- _Work request_:
Output, exactly as written, the lines below from the one that has "根據2019年世界糧農組織預" through the one that has "Du sætter dig"; nothing else, and no pictures.
BEGIN Material for this exercise
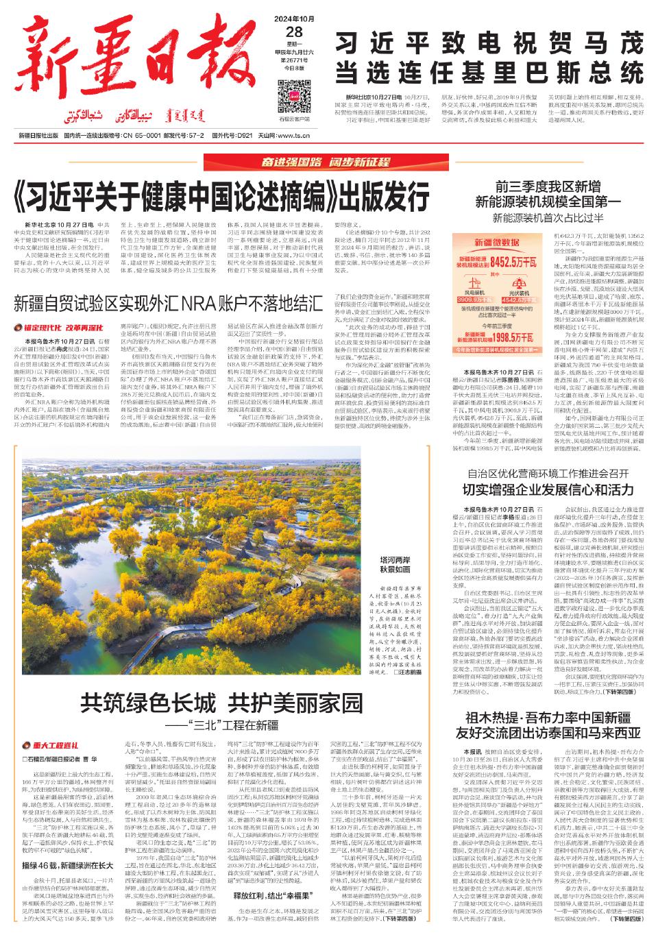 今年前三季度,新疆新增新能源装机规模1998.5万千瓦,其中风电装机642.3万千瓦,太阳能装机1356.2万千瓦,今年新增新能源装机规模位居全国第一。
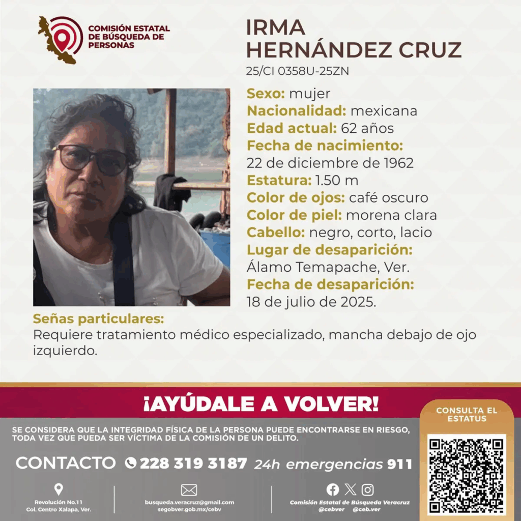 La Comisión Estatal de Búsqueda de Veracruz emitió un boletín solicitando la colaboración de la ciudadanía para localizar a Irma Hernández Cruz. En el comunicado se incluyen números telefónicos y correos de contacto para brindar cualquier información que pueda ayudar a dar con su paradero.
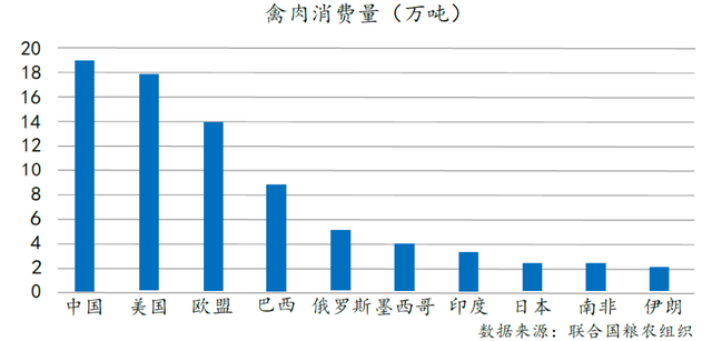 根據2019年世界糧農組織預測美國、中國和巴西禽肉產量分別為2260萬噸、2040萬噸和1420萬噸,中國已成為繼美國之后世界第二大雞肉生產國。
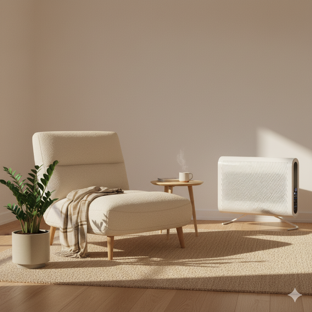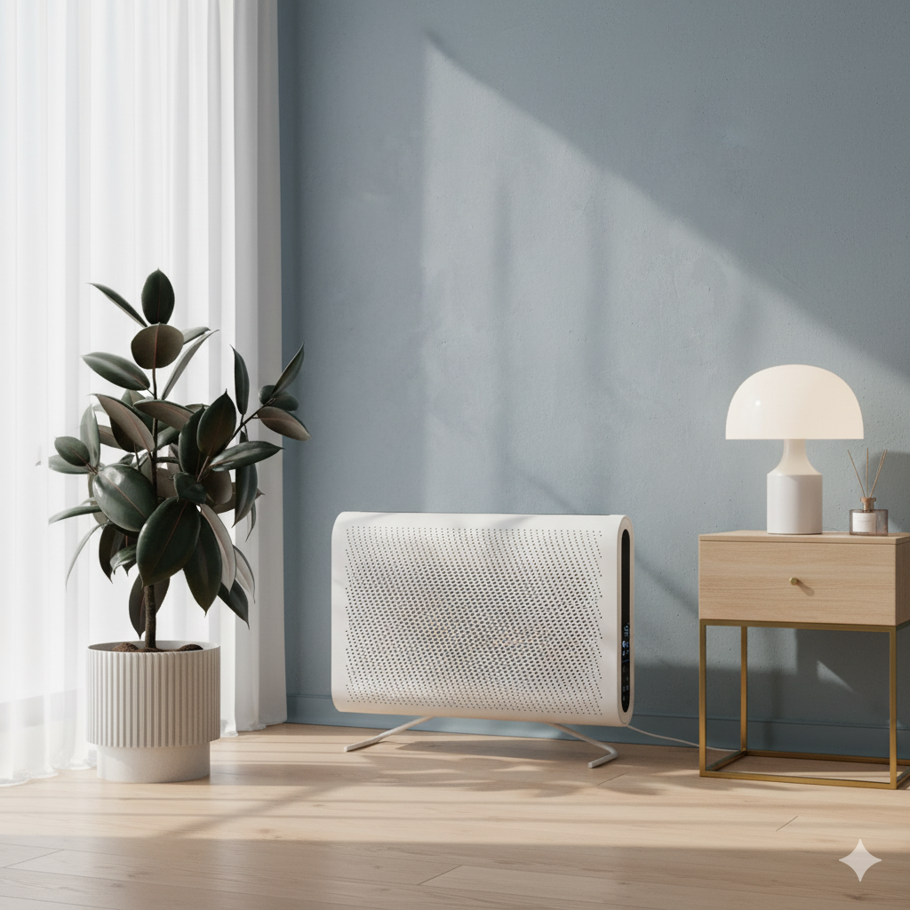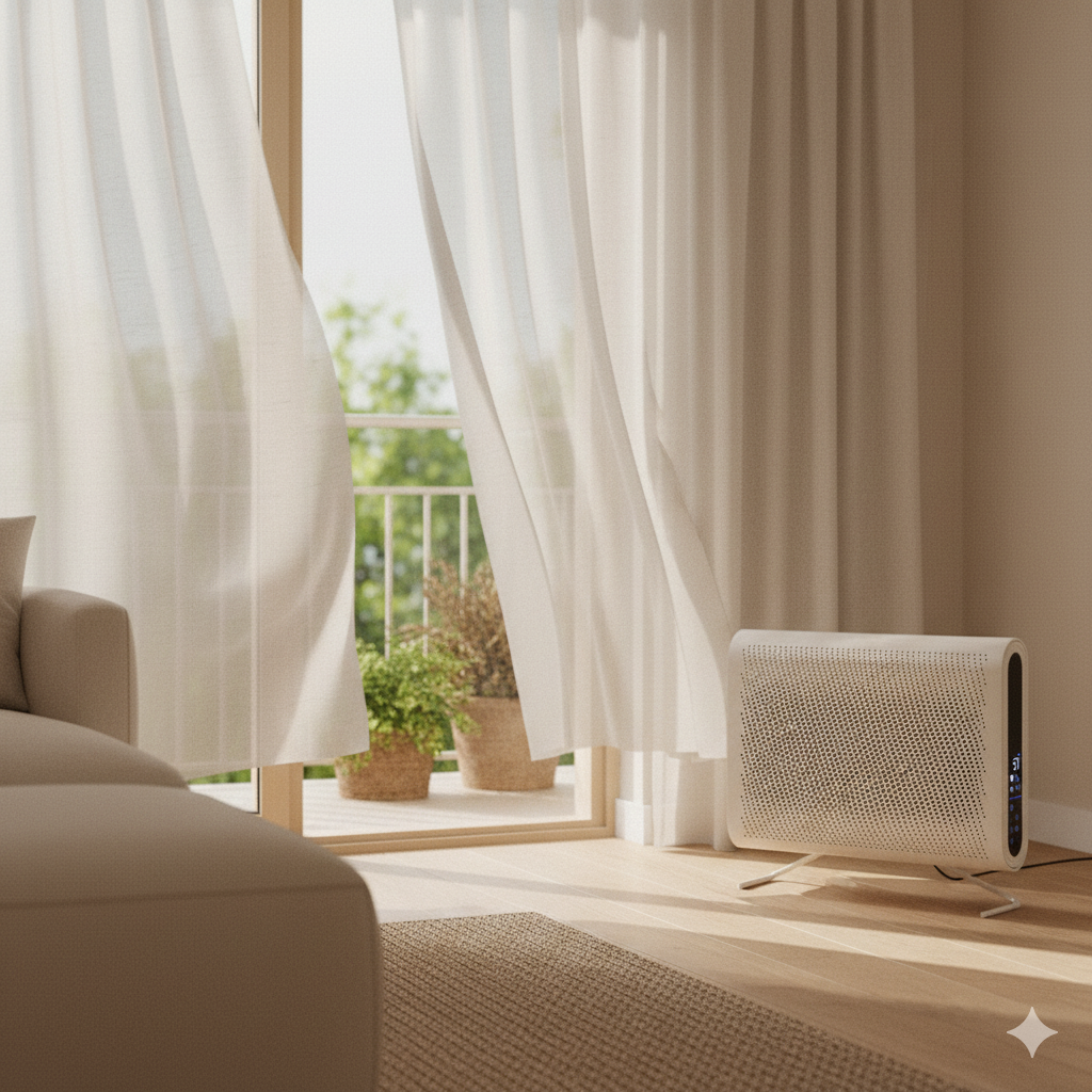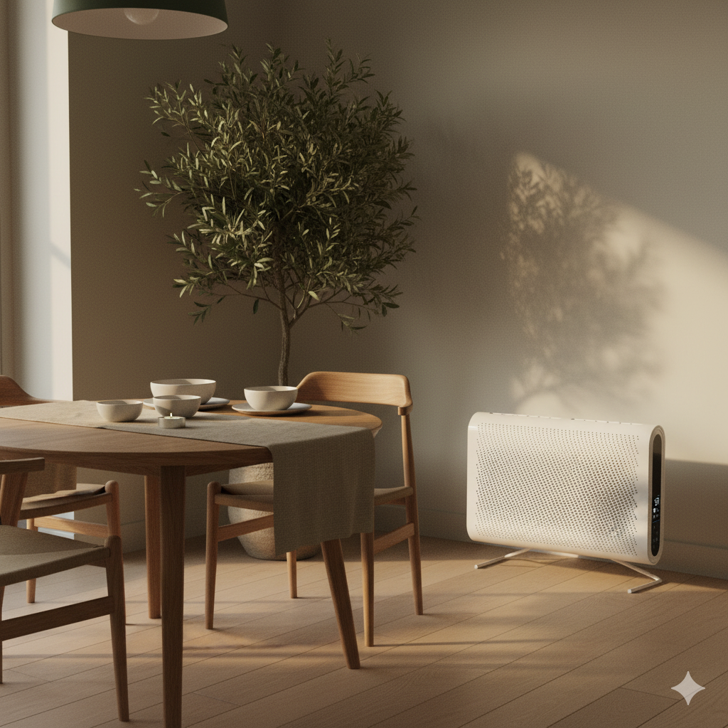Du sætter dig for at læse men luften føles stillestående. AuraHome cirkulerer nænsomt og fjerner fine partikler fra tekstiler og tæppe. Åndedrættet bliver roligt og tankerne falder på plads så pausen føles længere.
END Material for this exercise
BEGIN Material for this exercise
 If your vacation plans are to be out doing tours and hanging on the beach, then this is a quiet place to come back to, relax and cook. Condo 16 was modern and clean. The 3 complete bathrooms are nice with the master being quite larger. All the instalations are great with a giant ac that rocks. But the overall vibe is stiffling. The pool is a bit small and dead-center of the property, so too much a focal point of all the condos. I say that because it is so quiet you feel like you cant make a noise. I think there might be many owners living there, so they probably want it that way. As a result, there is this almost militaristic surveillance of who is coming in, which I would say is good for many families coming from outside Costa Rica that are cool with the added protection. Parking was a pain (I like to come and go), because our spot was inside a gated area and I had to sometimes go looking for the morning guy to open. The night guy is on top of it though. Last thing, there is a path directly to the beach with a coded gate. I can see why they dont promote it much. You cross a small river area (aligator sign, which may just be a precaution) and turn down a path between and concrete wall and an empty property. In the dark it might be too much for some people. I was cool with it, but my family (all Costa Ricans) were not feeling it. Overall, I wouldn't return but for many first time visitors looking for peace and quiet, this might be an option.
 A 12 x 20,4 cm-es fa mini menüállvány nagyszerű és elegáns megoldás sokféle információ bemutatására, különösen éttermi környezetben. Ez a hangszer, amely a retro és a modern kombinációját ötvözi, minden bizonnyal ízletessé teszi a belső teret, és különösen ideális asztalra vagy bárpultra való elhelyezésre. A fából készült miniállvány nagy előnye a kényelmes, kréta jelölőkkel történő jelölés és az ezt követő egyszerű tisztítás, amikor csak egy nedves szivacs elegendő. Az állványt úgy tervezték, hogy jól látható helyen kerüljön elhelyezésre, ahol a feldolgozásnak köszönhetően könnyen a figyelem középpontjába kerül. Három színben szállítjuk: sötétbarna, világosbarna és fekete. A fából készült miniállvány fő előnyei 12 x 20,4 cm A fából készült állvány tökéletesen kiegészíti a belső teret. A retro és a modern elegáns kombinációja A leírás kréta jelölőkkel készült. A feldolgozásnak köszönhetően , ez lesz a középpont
END Material for this exercise
BEGIN Material for this exercise
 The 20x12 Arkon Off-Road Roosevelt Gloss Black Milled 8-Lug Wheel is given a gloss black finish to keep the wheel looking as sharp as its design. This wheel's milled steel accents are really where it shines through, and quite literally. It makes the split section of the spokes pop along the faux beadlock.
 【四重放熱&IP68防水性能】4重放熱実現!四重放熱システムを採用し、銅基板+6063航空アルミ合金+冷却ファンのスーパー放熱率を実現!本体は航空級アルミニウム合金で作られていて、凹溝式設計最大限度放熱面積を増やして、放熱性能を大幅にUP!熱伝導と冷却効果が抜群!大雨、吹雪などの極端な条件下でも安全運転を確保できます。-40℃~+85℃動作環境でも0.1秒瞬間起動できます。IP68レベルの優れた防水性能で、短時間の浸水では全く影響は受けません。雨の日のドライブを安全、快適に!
END Material for this exercise
- _Exercise response_:
 根據2019年世界糧農組織預測美國、中國和巴西禽肉產量分別為2260萬噸、2040萬噸和1420萬噸,中國已成為繼美國之后世界第二大雞肉生產國。
Du sætter dig for at læse men luften føles stillestående. AuraHome cirkulerer nænsomt og fjerner fine partikler fra tekstiler og tæppe. Åndedrættet bliver roligt og tankerne falder på plads så pausen føles længere.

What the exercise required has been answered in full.